Chapitre V

Lorsque Elwana ouvrit les yeux, la première chose qu'elle remarqua fut le noir ambiant. Il faisait aussi noir que dans un four, et aucune source de lumière ne lui permettait de voir, si ce n'était qu'à quelques centimètres autour d'elle. Elle essaya de se relever, mais le cliquetis métallique des menottes qui entouraient ses fins poignets la ramena à la dure réalité. Son dos se reposa sur un mur froid, dont les pierres humides éraflèrent la peau sensible de la jeune femme.

Un sursaut traversa son corps lorsqu'un bruissement se fit entendre à sa droite. Les battements de son cœur s'emballèrent tandis que son front s'humidifiait de sueur. Lentement, elle tourna la tête vers la source du bruit. Un étrange garçon, dont les mèches de cheveux retombaient doucement devant ses yeux, était attaché par les même liens qui retenaient Elwana. Encerclant ses jointures dans une étreinte douloureuse, des traces bleutées marquait sa peau blanche. Celle-ci étant à ses côtés, elle put remarquer qu'il semblait agité, se débattant dans son inconscience, murmurant des mots incompréhensibles. Soudainement, il entrouvrit les yeux et regarda la jeune femme, balbutiant difficilement.

- Elwana...

Puis, le jeune homme retomba mollement contre le mur, ayant de nouveau sombré dans un sommeil bouleversé.

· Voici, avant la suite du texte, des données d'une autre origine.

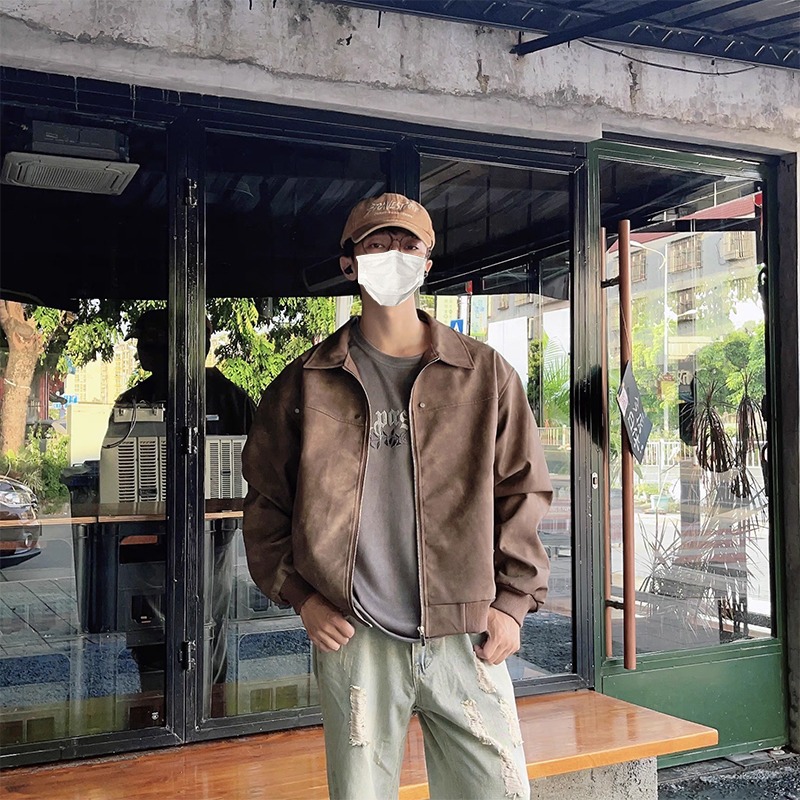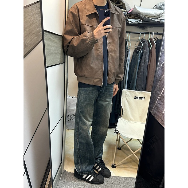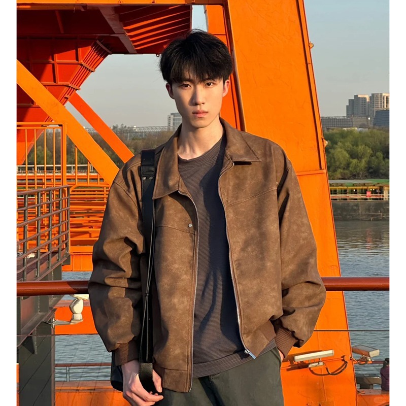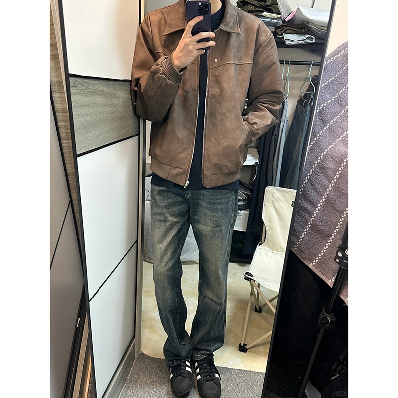아메리칸 스타일 레트로 PU 가죽 자켓 남자 가을과 겨울 하이 스트리트 메일러 스웨이드 라펠 야구 스웨이드 커플 재킷스토어 가기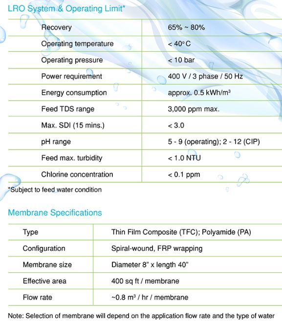 Low Pressure RO membranAlles (8040) cartridge skid mounted. Electrical control panel and D.O.L/ Frequency-Controller. Feed and High Pressure pumps . Guard filter. Pressure gauges, flow meters and manual valves . PVC and / or S/S piping. Permeate TDS meter. U740 Ultra-Filtration membranes skid mounted (optional). CIP system (optional).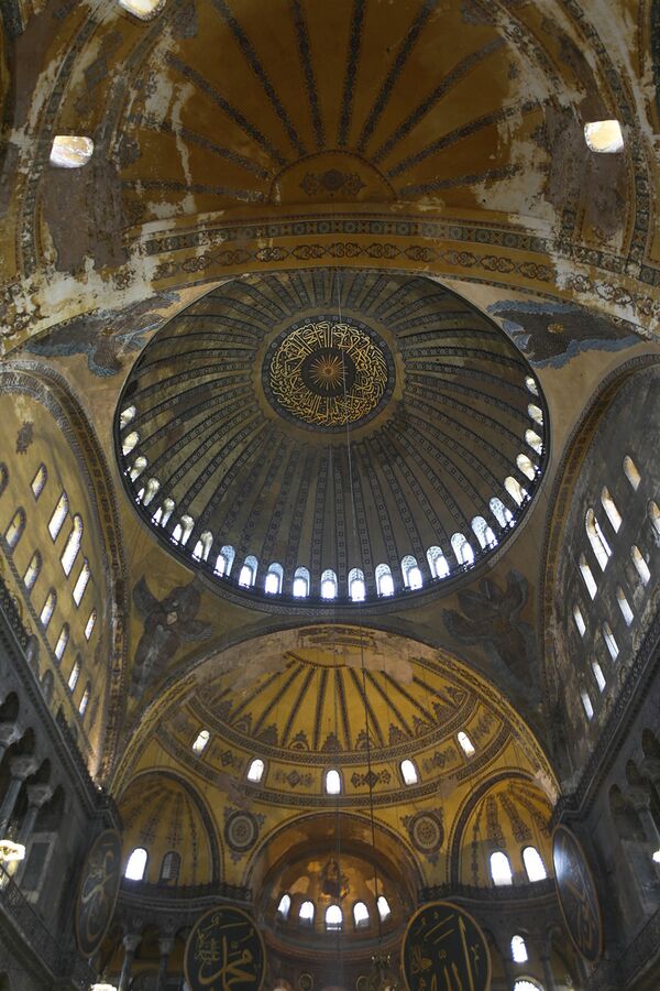 Собор Святой Софии в городе Византий (ныне Стамбул), построенный в 537 году (и дважды перестроенный), был в течение тысячи лет[h] наибольшим кафедральным собором. Он стимулировал постройку многих более поздних зданий, включая Мечеть Султанахмет и другие мечети города. Архитектура Византии включает притвор, увенчанный круглым куполом и двумя полукуполами одного диаметра (31 метр), с пятью меньшими полукуполами, образующими апсиду и четыре круглых угла просторного прямоугольного внутреннего пространства[83]. Это интерпретировалось средневековыми архитекторами как представление земного внизу (квадратное основание) и святых небес сверху (устремлённый ввысь сферический купол)[84]. Император Юстиниан I использовал двух геометров, Исидора Милетского и Анфимия из Тралл, в качестве архитекторов. Исидор Милетский собирал труды Архимеда по стереометрии, которые оказали на него большое влияние[5][85].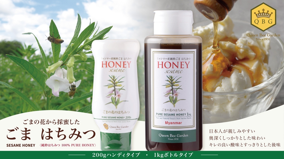 今年創業90年の天然甘味料専門メーカー 株式会社クインビーガーデン(本社:静岡県静岡市、代表取締役社長:青木 均)は、限られた季節にしか咲かない〈ごまの花〉から採蜜された「QBGごまはちみつ」を、200gと1kgの2サイズで新発売いたします。

Elwana, face à ce spectacle, resta interdite. Elle le scruta du regard, cherchant dans sa mémoire, mais non, elle ne le reconnaissait pas. Et pour cause ! Elle ne le connaissait tout simplement pas ! Un gémissement la tira de sa contemplation. Tournant la tête cette fois-ci à sa gauche, elle put discerner, quoique difficilement, une autre forme. Celle-ci, contrairement à celle de droite, était féminine. Ses court cheveux en bataille s'arrêtaient à la naissance de sa nuque. Ses yeux étaient entrouverts tandis qu'un nouveau gémissement de douleur traversait ses lèvres. Sentant qu'on l'observait, elle tourna lentement la tête, croisant le regard d'Elwana. Les deux jeunes filles se toisèrent en silence. Finalement, ce fut Elwana qui prit la parole, doucement, afin de ne pas plus effrayer sa voisine.

- Je... Je m'appelle Elwana... Et toi ?

Un nouveau silence pesant lui répondit avant que la voix, rendue rauque par un long mutisme, ou un cri peut-être, ne lui réponde, d'un murmure qui se perdit dans le vide.

- Oikua.

Un crissement les coupèrent tandis qu'un grincement sourd retentissait dans la petite cellule. Une porte s'ouvrit, les gonds craquant doucement. La lumière du feu éblouit les deux jeunes femmes qui fermèrent les yeux. Peu à peu, une fois de nouveau habituée à la luminosité brûlante, elles rouvrirent leurs paupières.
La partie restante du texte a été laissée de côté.